$\{x_n\} \to x$ iff $\bigcap_{n=1}^\infty K_n = \{x\}$

Question

Let $\{x_n\}$ be a sequence in $\mathbb{R}^k$ and let $K_n$ be the intersection of all closed convex sets that contain $x_m$ for all $m \ge n$. How do I show that $\{x_n\}$ converges to $x$ if and only $\bigcap_{n=1}^\infty K_n = \{x\}$?

Answer 1

We first demonstrate that if $\{x_n\}$ converges to $x$, then $\bigcap_{n=1}^\infty K_n = \{x\}$. For $\epsilon > 0$, let $N$ be large enough such that $n > N$ implies $|x_n - x| < \epsilon$. Then for all $n > N$, we have that the set $T_\epsilon = \{(y_1, \dots, y_n) \text{ }|\text{ }|x_i - y_i| \le \epsilon \text{ }\forall i\}$ is clearly a closed convex set containing $x_n$ for all $n > N$. It follows then, that $$\bigcap_{n=1}^\infty K_n \subset \bigcap_{\epsilon \in \mathbb{R}^+} T_\epsilon = \{x\}.$$We also note that since $x_n \to x$, and $K_n$ contains $x_m$ for $m \ge n$, $K_n$ has a sequence converging to $x$, so $x \in K_n$ for all $n$, and the result follows.

We now demonstrate if $\bigcap_{n=1}^\infty K_n = \{x\}$, then $\{x_n\} \to x$. We note that for any $\epsilon > 0$ the sphere $S_\epsilon(x) := \{y \text{ }|\text{ }d(x, y) = \epsilon\}$ is covered by finitely many of the sets $K_n^c$, and since $K_{n+1} \subset K_n$, $K_{n+1}^c \supset K_n^c$, we see that in fact $S_\epsilon(x)$ is contained in $K_n^c$ for some $n$. Fix such an $n$, and from now on assume $m > n$. $S_\epsilon(x) \subset K_m^c$. Thus $K_m$ is covered by two disjoint open sets, namely $\{y \text{ }|\text{ }|x - y| < \epsilon\}$ and $\{y\text{ }|\text{ }|x-y| > \epsilon\}$. Since $K_m$ is convex, $K_m$ is connected, it cannot intersect both of these open sets. Since $x \in K_m$, we conclude $K_m \subset N_\epsilon(x)$ for $m > n$, whence $|x_m - x| < \epsilon$ for $m > n$, and the result follows.

Answer 2

Let ${\cal H_x}$ be the set of closed halfspaces containing $x$ in their interior. Hahn Banach shows $\cap_{H \in {\cal H_x}} = \{x\}$. Suppose $x_n \to x$, and select $H \in {\cal H_x}$. Then there is some $N$ such that $x_n \in H$ for all $n \ge N$ and so we have $K_n \subset H$ for all $n \ge N$. Consequently, $\cap_n K_n \subset H$. Hence we have $\cap_n K_n \subset \cap_{H \in {\cal H_x}} = \{x\}$. Since the $K_n$ are closed, we have $x \in K_n$ for all $n$, hence $\{x\} \subset K_n$, from which we have $\cap_n K_n = \{x\}$.
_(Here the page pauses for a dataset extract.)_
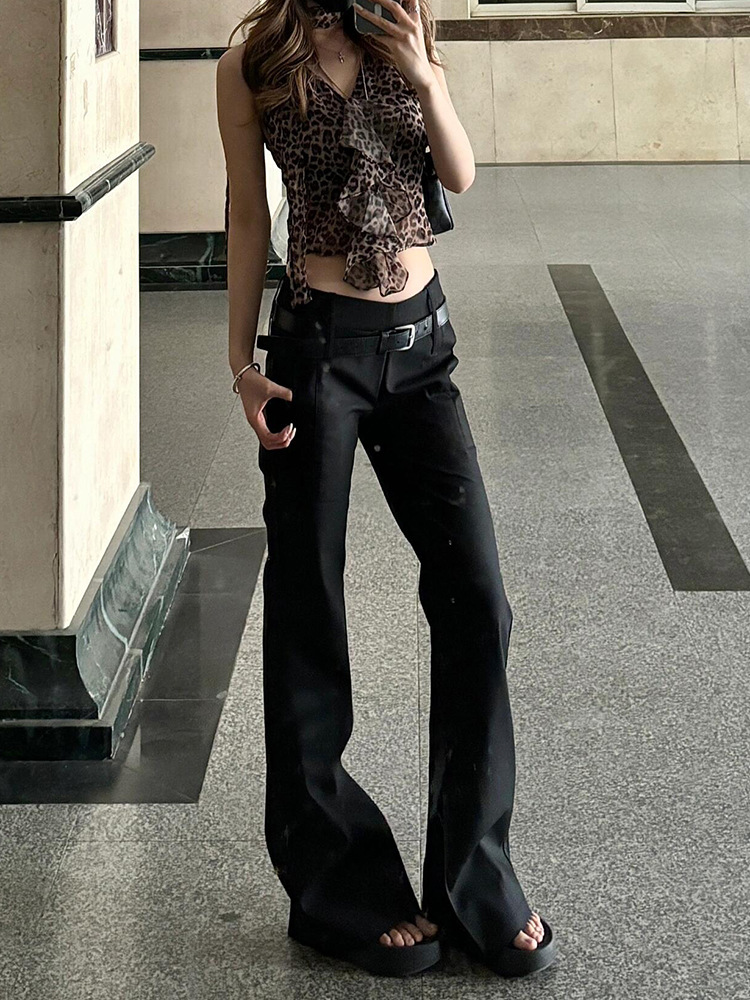 黒の微ラッパスーツのズボンの女性の夏のアメリカのギャルは身を修めて痩せています。

Note that if we have points $y_n \in K_n$ and $y_n$ has some accumulation point $y$, then we must have $y \in K_n$ since the $K_n$ are closed and nested, and hence $y \in \cap_n K_n$.

Now suppose $\cap_n K_n = \{x\}$. Let $\epsilon>0$ and let $C= \bar{B}(x,\epsilon)$. Then I claim that $K_n \subset C$ for some $n$. If not, then choose $c_n \in C \setminus K_n$. By convexity, $y_n = x+ {1 \over \|c_n-x\|} (c_n-x) \in K_n$ (note that $\|c_n-x\| >1$) and $\|y_n-x\|=1$. Hence $y_n$ has an accumulation point $y$, and we have $y \in \cap_n K_n$. Since $\|y-x\| =1$, this is a contradiction. Hence there is some $n$ such that $K_n \subset C$. It follows that $x_n \to x$.

To see why the latter doesn't work in infinite dimensions, consider the sequence $0,e_2,0,e_3,0,e_4,...$ in $l^2$. Let $K_n = \overline{\operatorname{co}} \{ x_k \}_{k \ge n}$, and note that $\{ x_k \}_{k \ge 2n} \subset \overline{\operatorname{sp}}\{e_n, e_{n+1},... \}$. It follows that $\cap_n K_n = \{0\}$, but $x_n \not\to 0$.